Stored items:
● ● ●

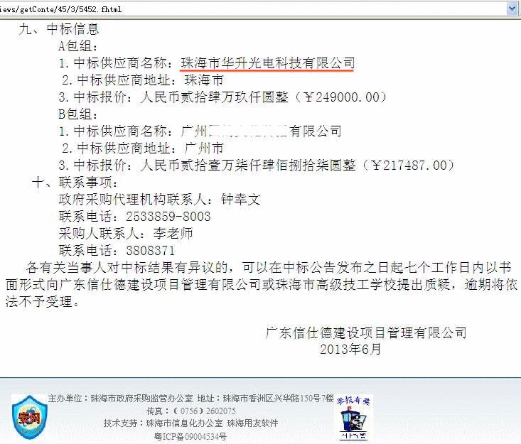 中標(biāo)企業(yè):珠海市華升光電科技有限公司
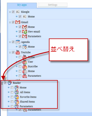 ドラッグで、使う頻度に応じて並べ替えたりすることができます。
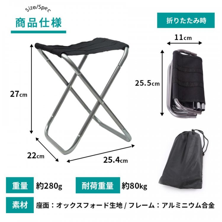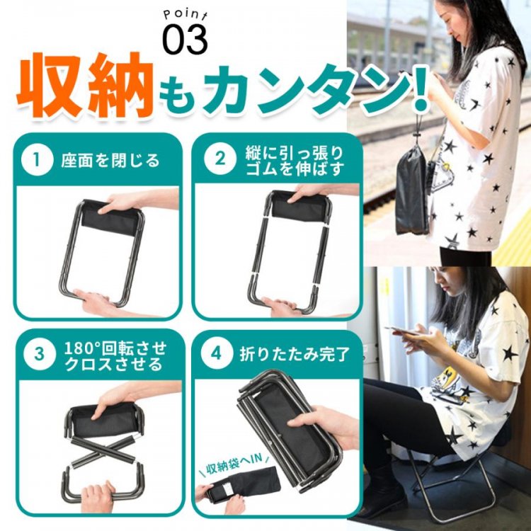 折りたたみ椅子 アウトドアチェア コンパクト アウトドア キャンプ 軽量 折り畳み 室内 いす イス 小型 小さい テーマパーク 持ち運び 収納袋 ポケット カバン リュック サイズ ジャスト
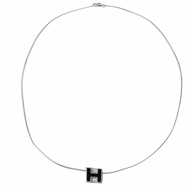 Combining black, white, and silver, this Hermes necklace will match with any outfit. Its cube-like design symbolized the Hermes H symbol, with a geometric beauty that will give your look a unique touch.
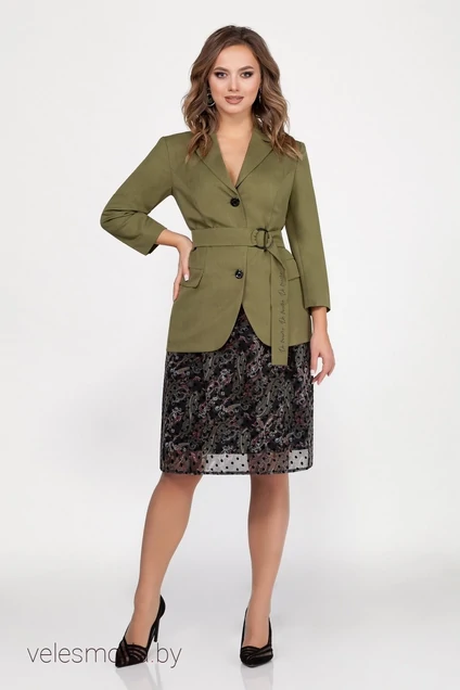 Жакет полуприлегающего силуэта, длиной до линии бедер. Спинка со средним швом и рельефами из проймы. Перед с центрально – бортовой застежкой на 3 – пуговицы и воротником пиджачного типа. Вертикальными рельефами из проймы, переходящими в карман с клапаном и одной обтачкой. Край борта закругленной формы. Перед жакета на подкладке. Талия может фиксироваться поясом из основной ткани. По одному концу пояса нанесена печать в виде слов. Рукава втачные, двухшовные, длиной ¾.
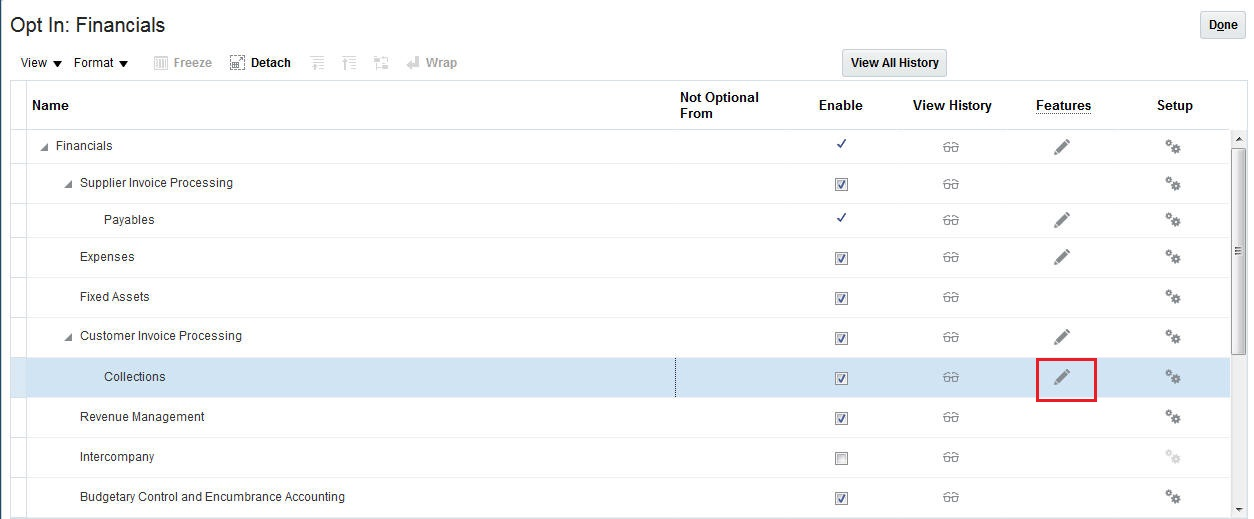 - On the Edit Features page, select the Enable option for any feature you want to opt in to. If the Enable column includes an Edit icon instead of a check box, then click the icon, select your feature options, and click Save and Close.

● ● ●

Write out, word for word, the lines from the start of the data through the one holding "Combining black, white, and". Omit pictures.

Result:
 中標(biāo)企業(yè):珠海市華升光電科技有限公司
 ドラッグで、使う頻度に応じて並べ替えたりすることができます。
 折りたたみ椅子 アウトドアチェア コンパクト アウトドア キャンプ 軽量 折り畳み 室内 いす イス 小型 小さい テーマパーク 持ち運び 収納袋 ポケット カバン リュック サイズ ジャスト
 Combining black, white, and silver, this Hermes necklace will match with any outfit. Its cube-like design symbolized the Hermes H symbol, with a geometric beauty that will give your look a unique touch.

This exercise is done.